Torture Killer - Swarm - Metal Blade Records 2006
Running Time: 34:41
Torture Killer's 2003 debut came at a time when I was just about sick of all the "progressive death" that was flooding the scene back then. I won't name names, but it seems like every Tom, Dick, and Harry was consumed with the overwhelming urge to become the next Meshuggah. For Maggots To Devour was just the bare-bones, primitive skullfuck I needed to combat the sea of eight-string guitars and 7/16 time signatures that threatened to drown us all. Fast-forward to 2006, and Torture Killer's sophomore album is upon us. This isn't a mere "sophomore album", however, in that one notable lineup change has the whole of the metal community watching and either praying for success or expecting failure. Sure, Torture Killer got their share of heat for coming off as a Six Feet Under ripoff, but who expected them to go out and snag Chris Barnes as a full-time member? Certainly not I, and I must confess that I had my reservations for that reason. The man's political posturing notwithstanding, I just hoped the dreaded one would stick to the gore, and not turn TK into SFU2.

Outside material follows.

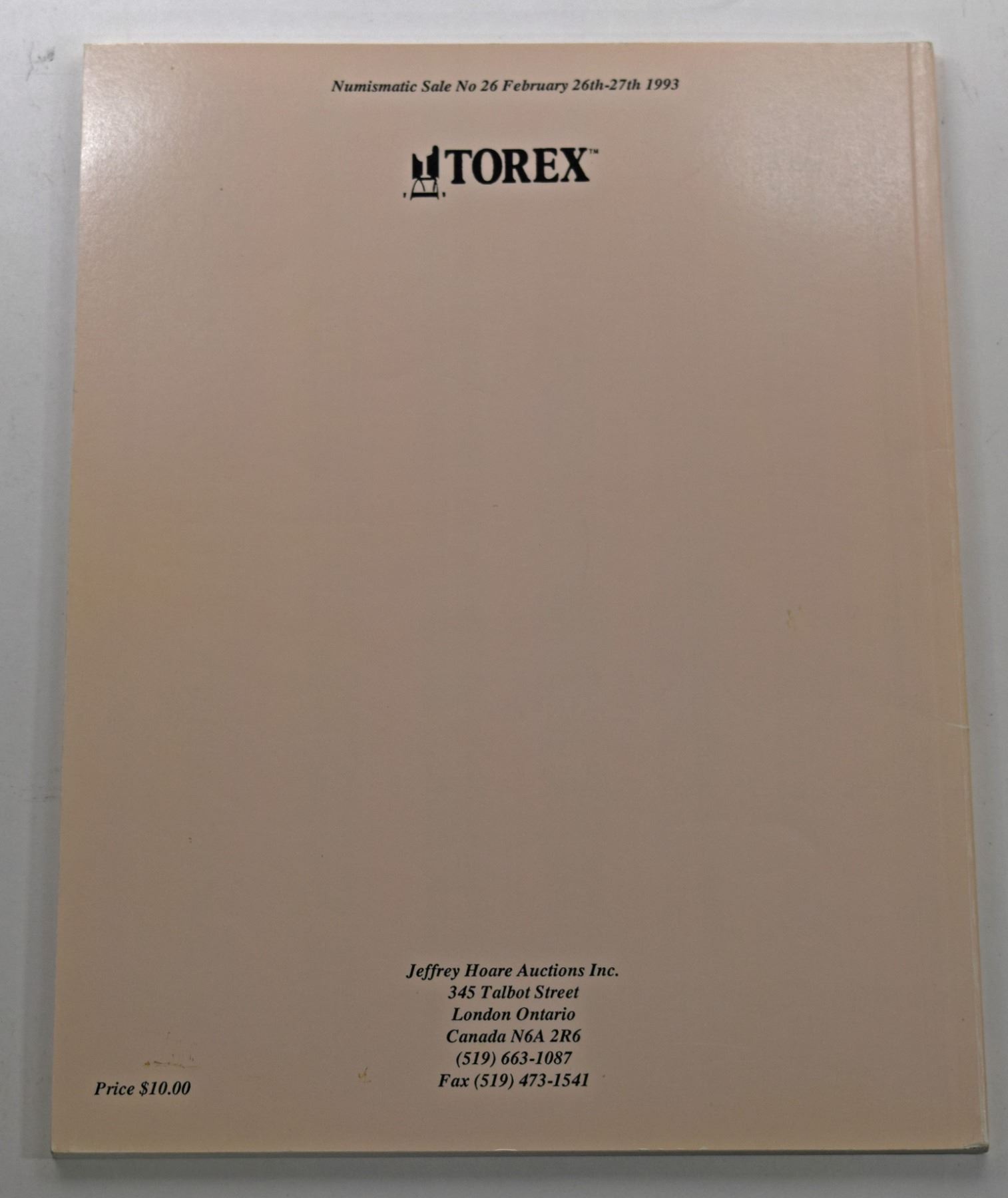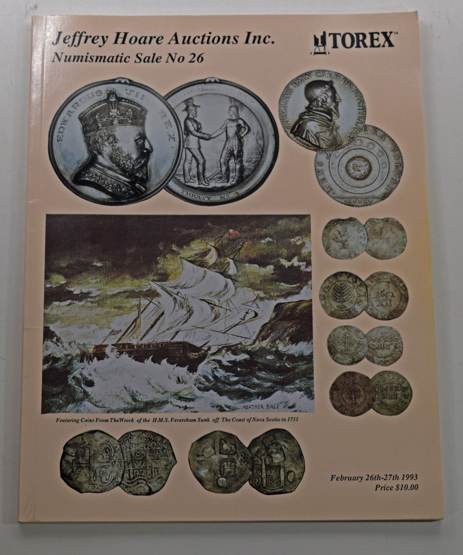 Jeffrey Hoare Auctions, Inc. NUMISMATIC SALE NO. 26 FEATURING COINS FROM THE WRECK OF THE H.M.S. FEVERSHAM SUNK OFF THE COAST OF NOVA SCOTIA IN 1711. February 26-27, 1993. 4to, 58 pages; Softcover; This catalog includes 96 lots of silver cobs from the H.M.S. Feversham (including a historical perspective of this 1711 wreck), 4 lots silver cobs from the "Johanna" wreck (1611), 11 lots of silver riders and daalers from the "De Liefde" wreck (1711), and 5 lots of silver cobs from the "Atocha" (1622). Subject: History - Sunken Treasure

The opening riff of the title track sounds like a thousand wasps trapped in your hollowed-out cranium, and pissed to no end. Torture Killer never claimed to be speed metal, and most of the time, the band plows along at a steady pace. The first actual song, 'Forever Dead', proves that maybe Barnes has some life left in his rotted metal soul. His vocals here sound more energetic than they have in years, and the anvil-heavy guitar duo of Laine and Karppinen seem to be focused on the singular mission of blasting your head from your shoulders. Sometimes the straightforward approach works best, and Torture Killer are definitely of the opinion that a swinging Cro-Magnon's club gets the message across far better than sleuth and sneak attacks. The pendulemic riffery beginning 'A Funeral For The Masses' is the stuff homicidal circle pits are made of, and damned if Barnes doesn't actually use vocal inflection to deliver quite possibly the best performance (in my opinion) of his career, Cannibal Corpse/SFU included. A couple of the faster moments of Swarm can be found in the frantic one-two punch of 'Multiple Counts Of Murder', and 'Obsessed With Homicide', the latter standing out on the album, and is sure to silence all the "SFU clone" accusations of the band's detractors. The ending third of 'Sadistic' finds skinsman Tuomo Latvala injecting a slight death'n'roll flavour into his performance, recalling parts of For Maggots... , and 'Cannibal Gluttony' kind of blows past without anything memorable, as does 'I Killed You', but 'Heading Towards The Butchery' spot-welds things back on track quite nicely, where they remain through the album closer 'A Violent Side Of Death'.
Thankfully, Chris "That Cookie Monster shit? I invented it!" Barnes approached this band as it deserved to be, with little thought for personal success, and led by the simple desire to churn out some eardrum-shredding death metal. You know that "one good album" all the older Cannibal fans that didn't follow to SFU hoped Barnes still had in him? Here it is. But don't for a second think that Barnes "made" this band. Torture Killer was a solid death band starting out, and the years between albums show marked improvement in both songwriting and focus. If For Maggots To Devour was a scattered shotgun blast, Swarm is a sniper rifle pointed at the base of your skull, prepared to sever it from your spinal column with one deadly shot.